= Beginning of Section =

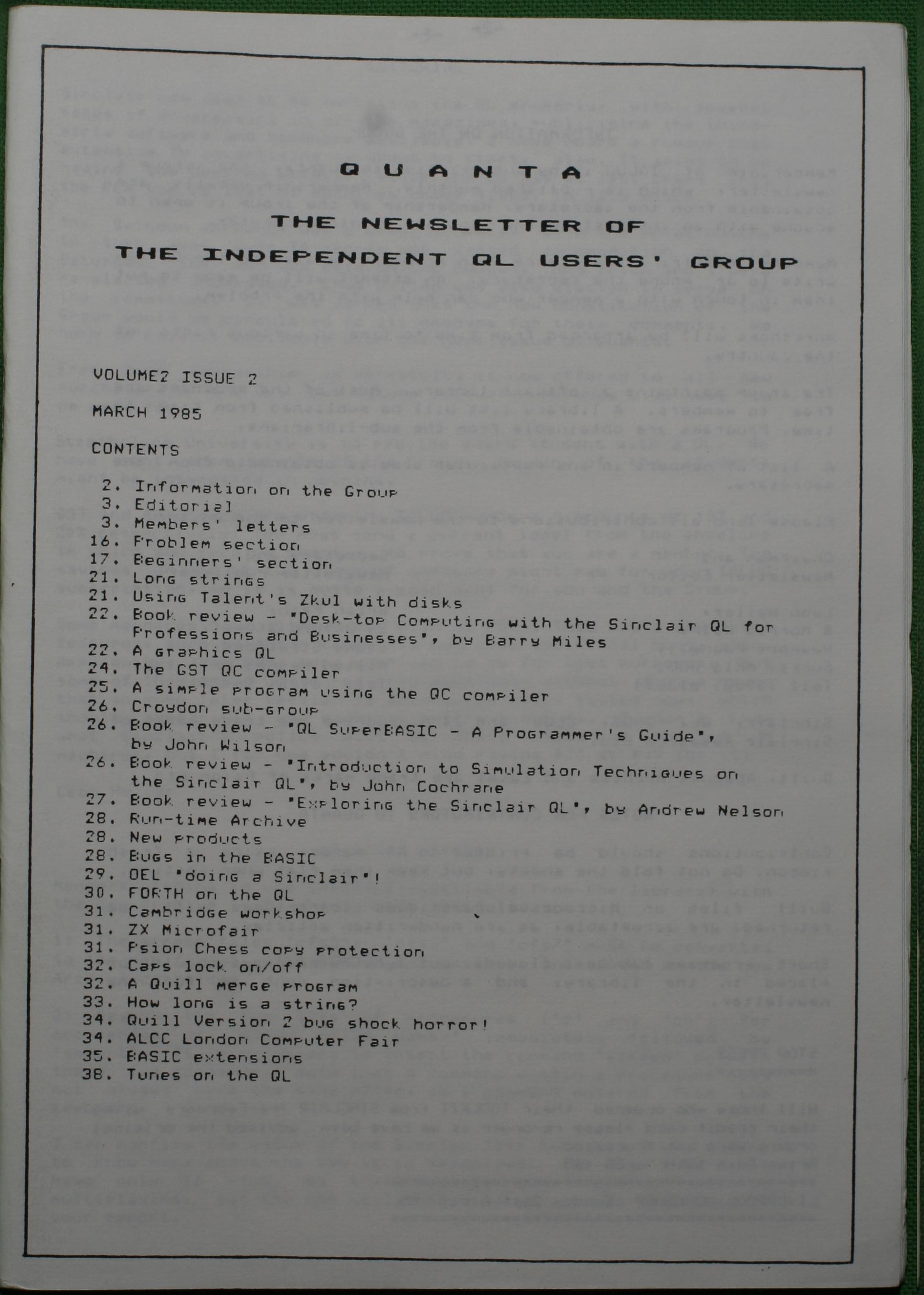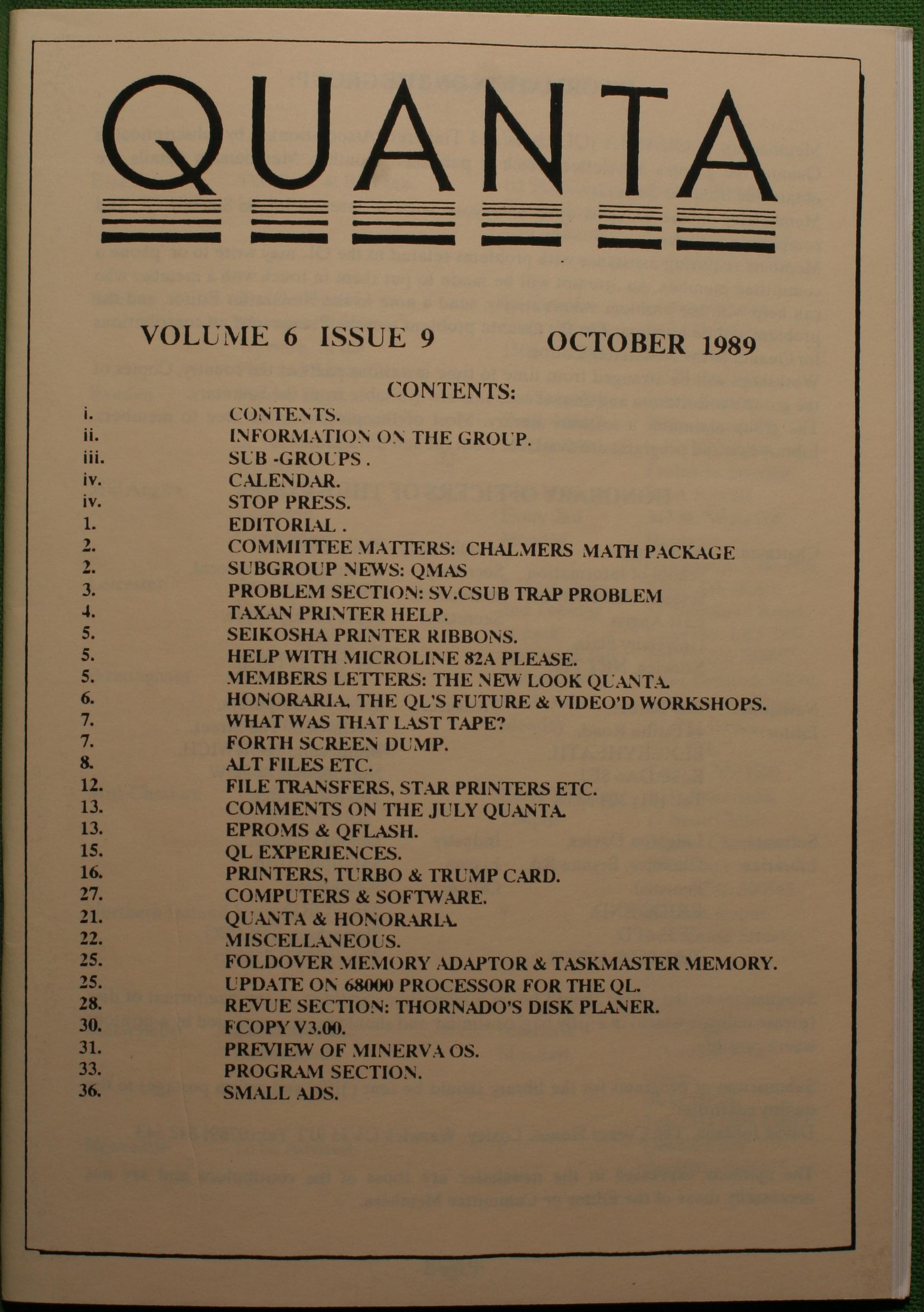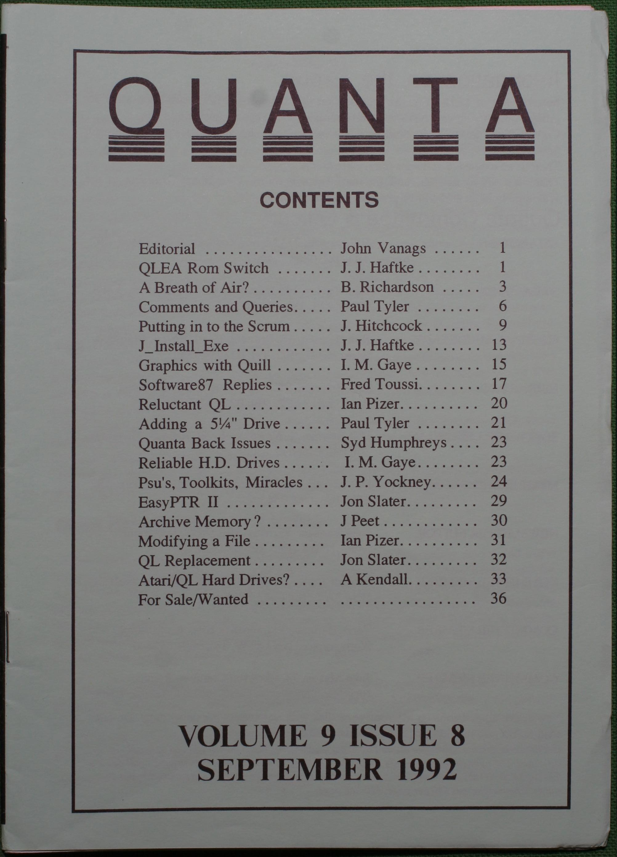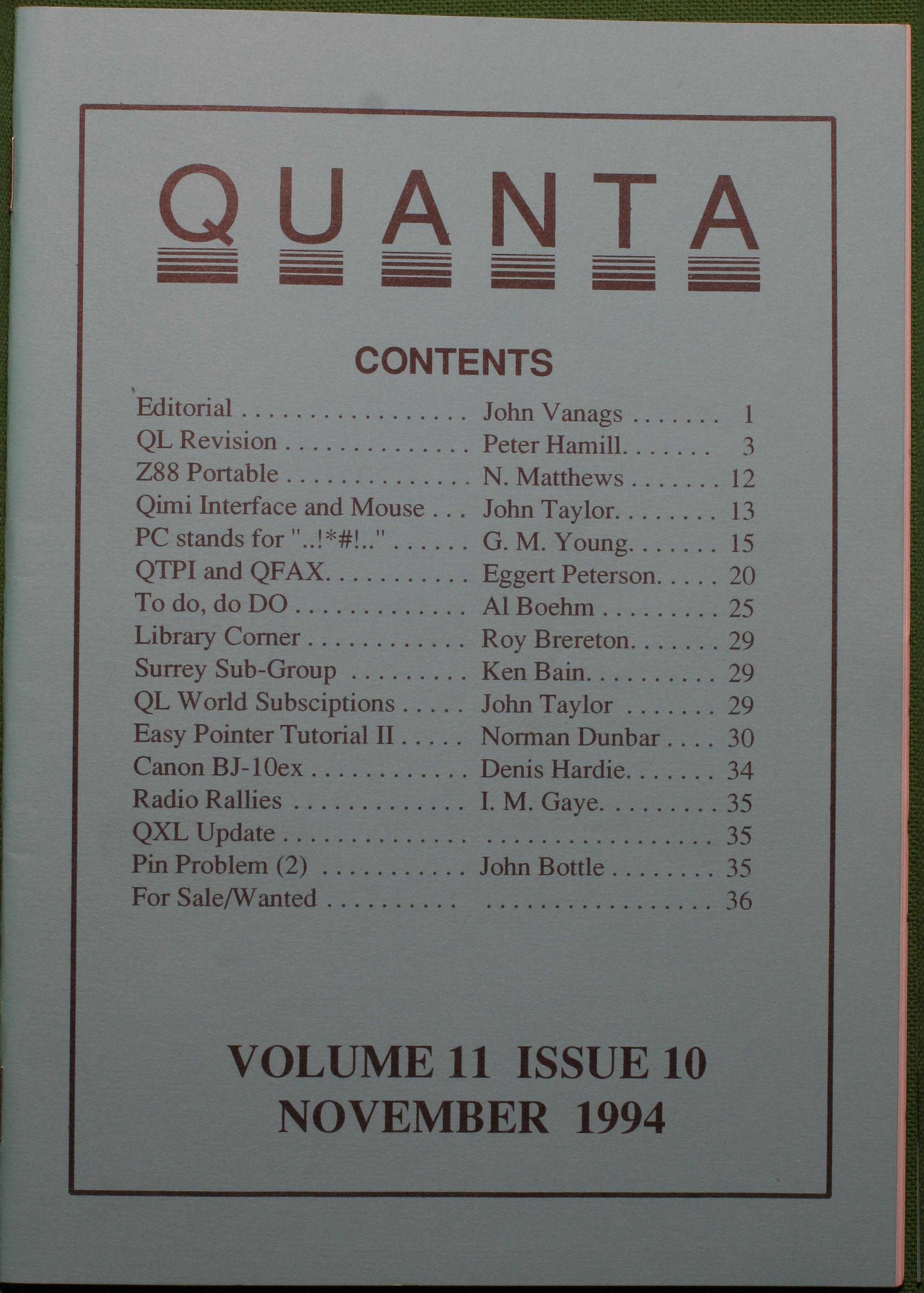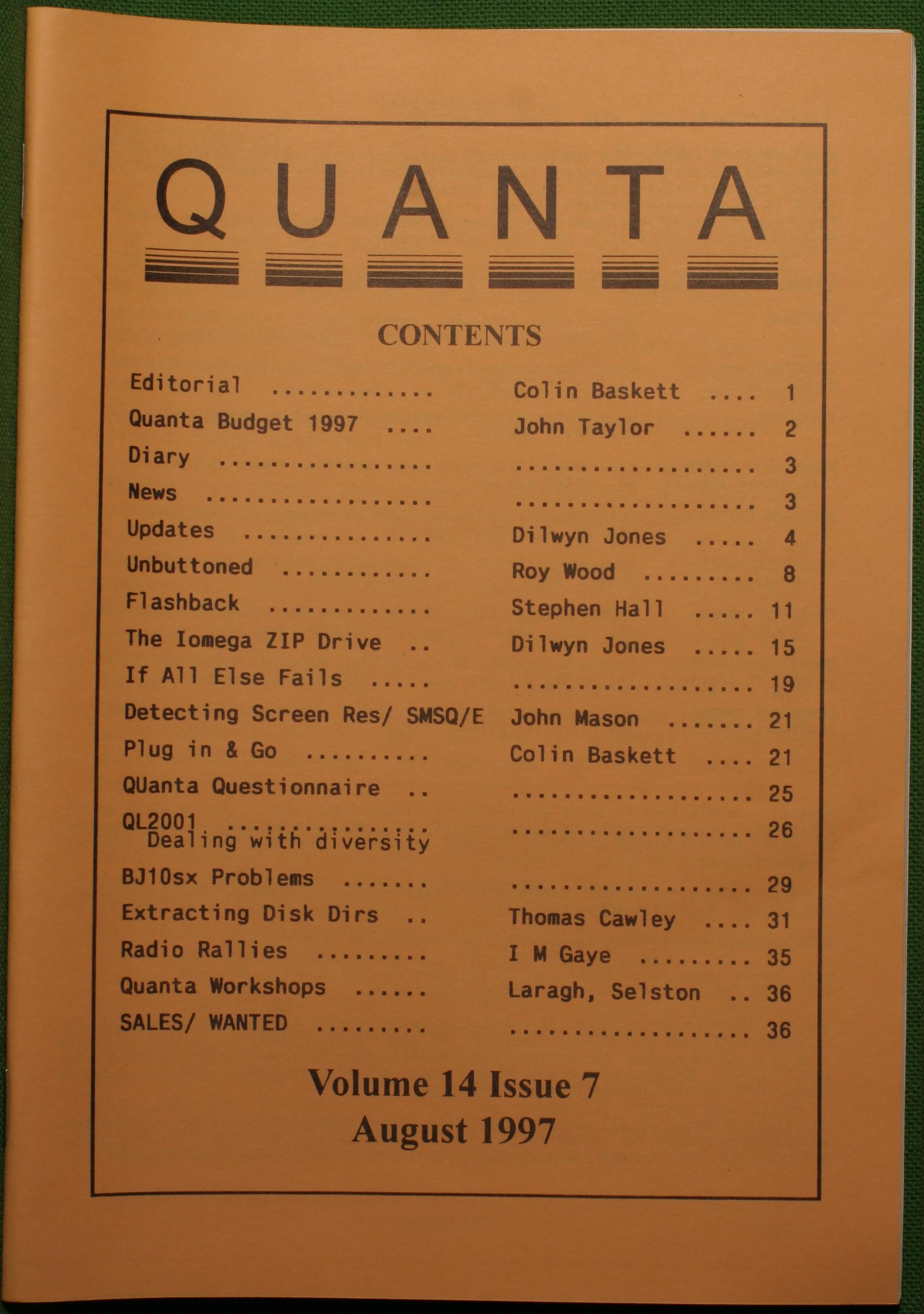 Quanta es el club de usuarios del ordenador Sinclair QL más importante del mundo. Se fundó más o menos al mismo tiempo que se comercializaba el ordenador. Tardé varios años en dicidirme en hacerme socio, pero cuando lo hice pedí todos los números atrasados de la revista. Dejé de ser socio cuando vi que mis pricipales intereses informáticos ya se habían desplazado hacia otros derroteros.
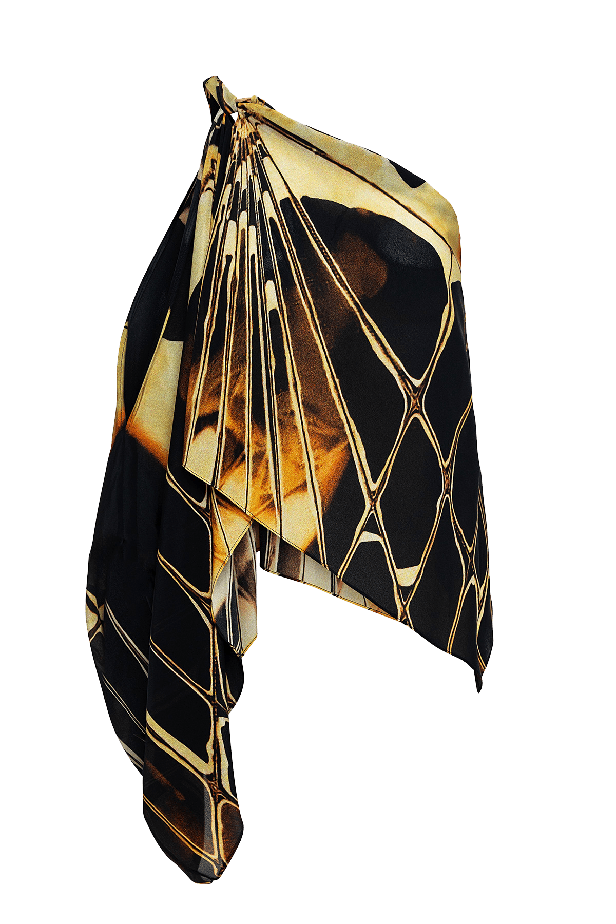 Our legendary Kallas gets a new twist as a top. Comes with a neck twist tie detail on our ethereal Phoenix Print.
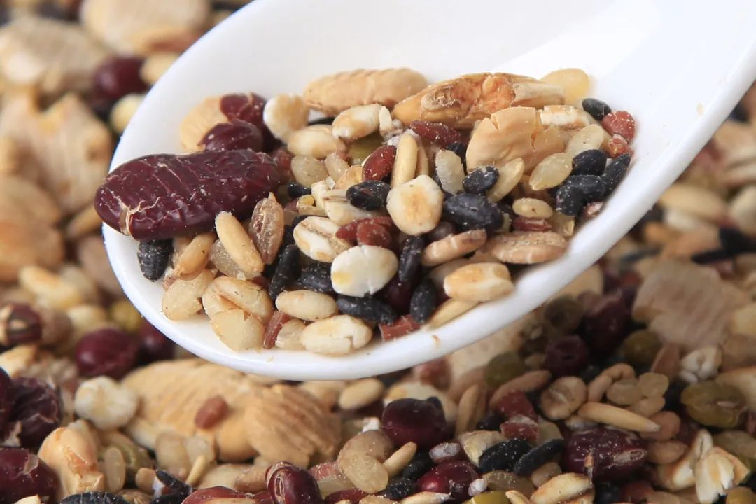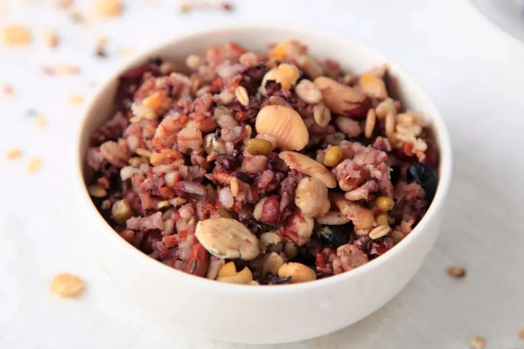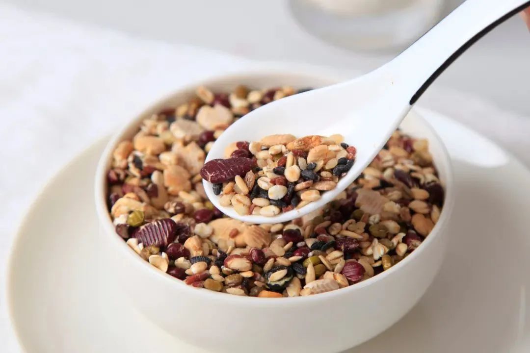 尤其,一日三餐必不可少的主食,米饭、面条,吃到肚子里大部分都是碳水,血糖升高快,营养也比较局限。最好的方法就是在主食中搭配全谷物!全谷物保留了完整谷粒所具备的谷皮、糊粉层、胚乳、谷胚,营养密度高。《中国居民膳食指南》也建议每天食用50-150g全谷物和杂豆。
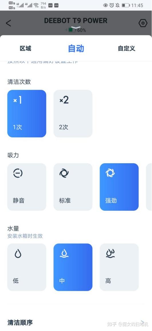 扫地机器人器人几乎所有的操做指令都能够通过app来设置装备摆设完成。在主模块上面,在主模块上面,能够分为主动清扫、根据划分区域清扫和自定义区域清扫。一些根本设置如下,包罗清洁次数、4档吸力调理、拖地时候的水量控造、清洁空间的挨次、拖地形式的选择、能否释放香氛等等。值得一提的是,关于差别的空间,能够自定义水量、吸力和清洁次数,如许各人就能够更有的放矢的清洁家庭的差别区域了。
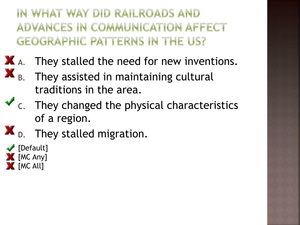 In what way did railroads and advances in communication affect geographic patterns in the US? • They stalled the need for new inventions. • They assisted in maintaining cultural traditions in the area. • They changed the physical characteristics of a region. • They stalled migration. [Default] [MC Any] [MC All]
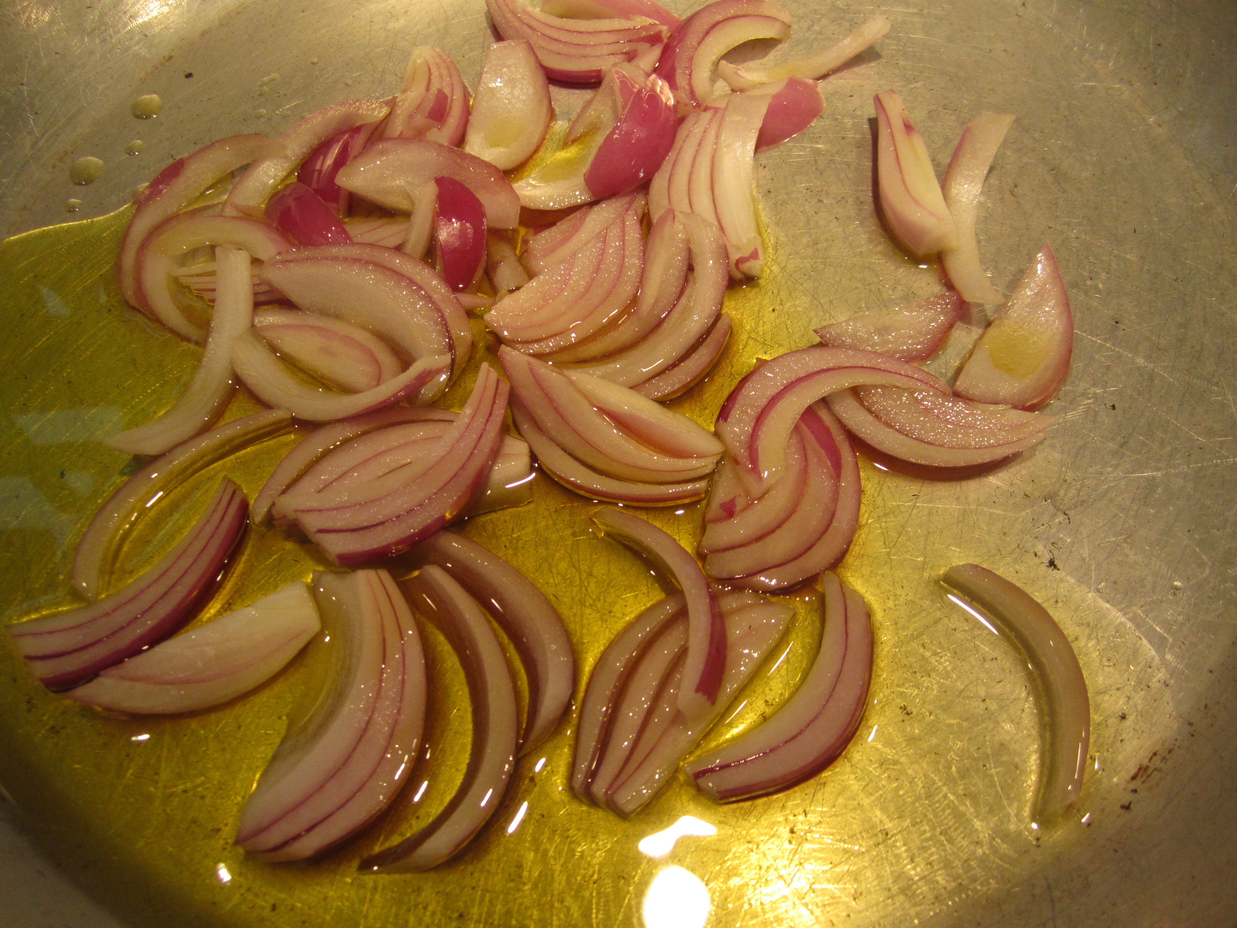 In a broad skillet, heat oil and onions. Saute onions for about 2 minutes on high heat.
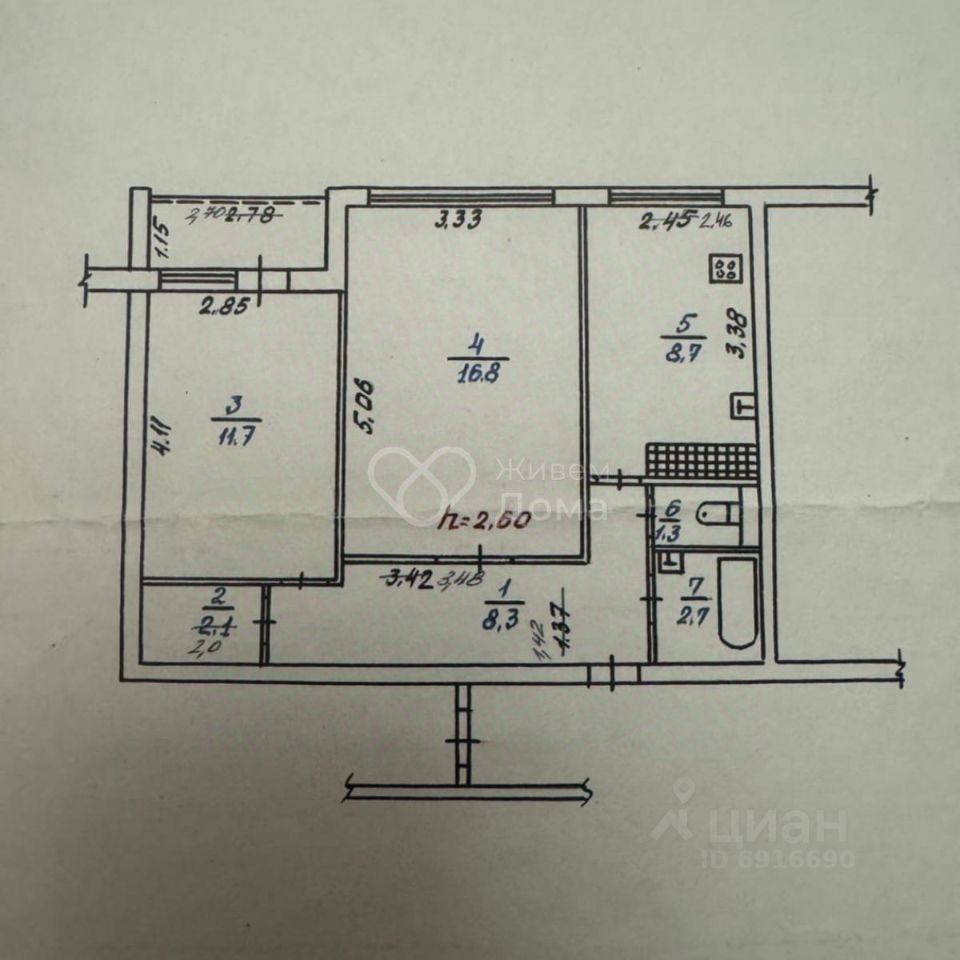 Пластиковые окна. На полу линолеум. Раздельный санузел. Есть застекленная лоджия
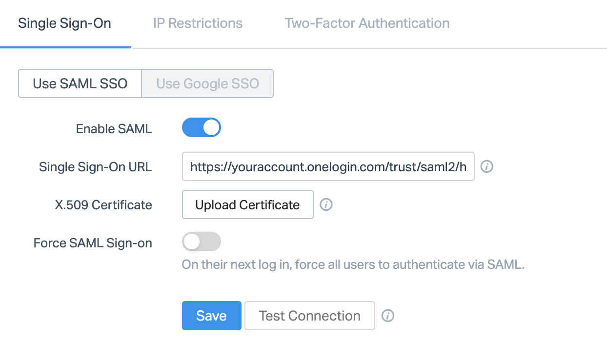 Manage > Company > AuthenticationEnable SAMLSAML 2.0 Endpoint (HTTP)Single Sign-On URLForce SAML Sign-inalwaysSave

= End of Section =

:: WORK TO BE COMPLETED ::
When you give the entries again, keep them exact and omit any picture they contain.

:: ANSWER FOR THE TASK ::
 Quanta es el club de usuarios del ordenador Sinclair QL más importante del mundo. Se fundó más o menos al mismo tiempo que se comercializaba el ordenador. Tardé varios años en dicidirme en hacerme socio, pero cuando lo hice pedí todos los números atrasados de la revista. Dejé de ser socio cuando vi que mis pricipales intereses informáticos ya se habían desplazado hacia otros derroteros.
 Our legendary Kallas gets a new twist as a top. Comes with a neck twist tie detail on our ethereal Phoenix Print.
 尤其,一日三餐必不可少的主食,米饭、面条,吃到肚子里大部分都是碳水,血糖升高快,营养也比较局限。最好的方法就是在主食中搭配全谷物!全谷物保留了完整谷粒所具备的谷皮、糊粉层、胚乳、谷胚,营养密度高。《中国居民膳食指南》也建议每天食用50-150g全谷物和杂豆。
 扫地机器人器人几乎所有的操做指令都能够通过app来设置装备摆设完成。在主模块上面,在主模块上面,能够分为主动清扫、根据划分区域清扫和自定义区域清扫。一些根本设置如下,包罗清洁次数、4档吸力调理、拖地时候的水量控造、清洁空间的挨次、拖地形式的选择、能否释放香氛等等。值得一提的是,关于差别的空间,能够自定义水量、吸力和清洁次数,如许各人就能够更有的放矢的清洁家庭的差别区域了。
 In what way did railroads and advances in communication affect geographic patterns in the US? • They stalled the need for new inventions. • They assisted in maintaining cultural traditions in the area. • They changed the physical characteristics of a region. • They stalled migration. [Default] [MC Any] [MC All]
 In a broad skillet, heat oil and onions. Saute onions for about 2 minutes on high heat.
 Пластиковые окна. На полу линолеум. Раздельный санузел. Есть застекленная лоджия
 Manage > Company > AuthenticationEnable SAMLSAML 2.0 Endpoint (HTTP)Single Sign-On URLForce SAML Sign-inalwaysSave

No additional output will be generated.